Dillwynia stipulifera

Scientific classification
- Kingdom: Plantae
- Clade: Tracheophytes
- Clade: Angiosperms
- Clade: Eudicots
- Clade: Rosids
- Order: Fabales
- Family: Fabaceae
- Subfamily: Faboideae
- Genus: Dillwynia
- Species: D. stipulifera
- Binomial name: Dillwynia stipulifera Blakely

= Dillwynia stipulifera =

- Genus: Dillwynia
- Species: stipulifera
- Authority: Blakely

Species of flowering plant

Dillwynia stipulifera is a species of flowering plant in the family Fabaceae and is endemic to New South Wales. It is an erect to spreading shrub with hairy stems, linear leaves and yellow flowers with red markings.

==Description==
Dillwynia stipulifera is an erect to spreading shrub that typically grows to a height of 30–50 cm with silky-hairy stems. The leaves are linear, 7–15 mm long with stipules 0.5–1.5 mm long. The flowers are arranged in pairs in leaf axils near the ends of branchlets, forming a spherical cluster. There are bracts and bracteoles 1–1.5 mm long and the sepals are 5–7 mm long.

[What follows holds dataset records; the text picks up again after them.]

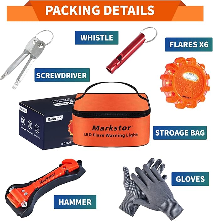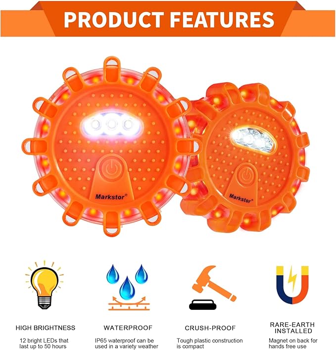 - Shockproof & Durable - Markstor high-tech led road safety flares is super duty; It has a shatterproof lens, even being run over by a truck won't do it any damage! Unlike the traditional flares , Markstor road flare lights does not need to be lit, and it is safer and more reliable!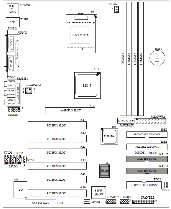 2 of the IDE connections are only mounted if the optional HPT370A chip is present.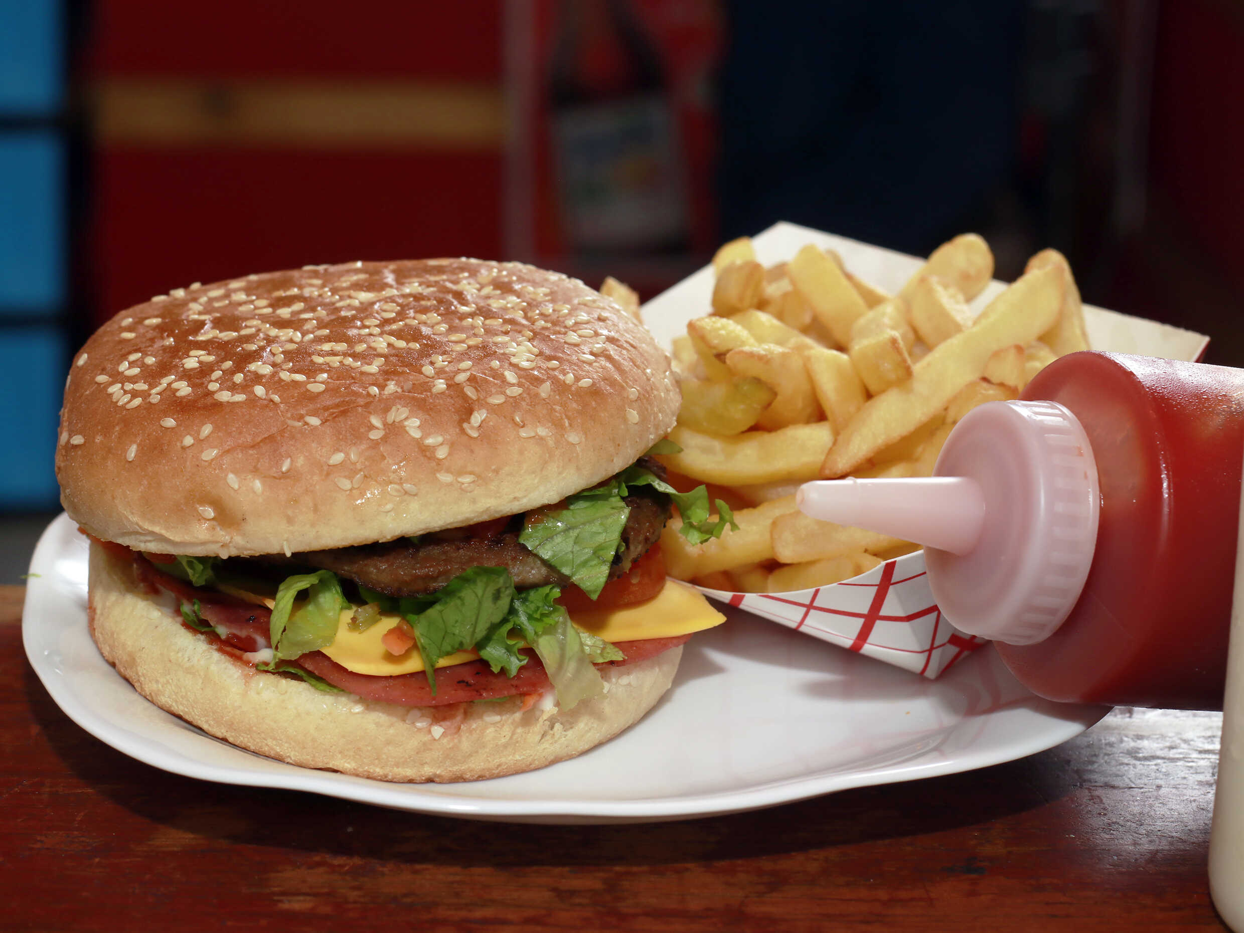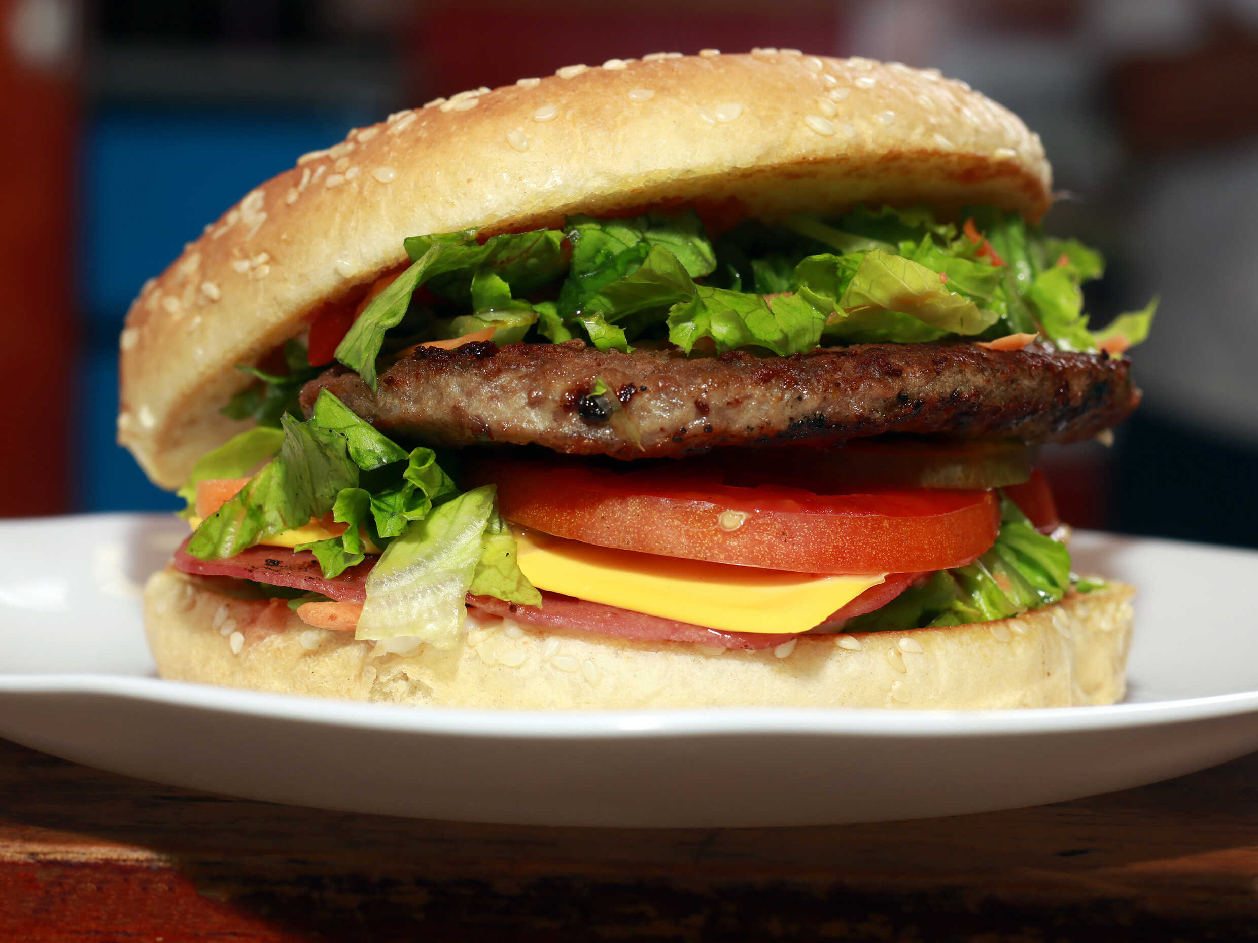 Pan, torta 100% carne de 1/4 de lb, queso, jamón, lechuga, tomate, cebolla, pepinillos, salsa de tomate y mayonesa.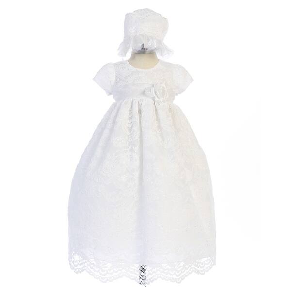 Shop Crayon Kids Baby Girls White Lace Floral Long Baptism Dress

The standard petal is yellow with red markings, 8–10 mm long but broader than long.

==Taxonomy and naming==
Dillwynia stipulifera was first formally described in 1939 by William Blakely in the journal The Australian Naturalist from specimens collected "between Clarence and Wolgan" by Joseph Maiden in 1906.

==Distribution and habitat==
This dillwynia grows in swampy heath over sandstone near Lithgow and in the Budawang Range. It is one of the species present in the endangered Newnes Plateau Shrub Swamp ecological community.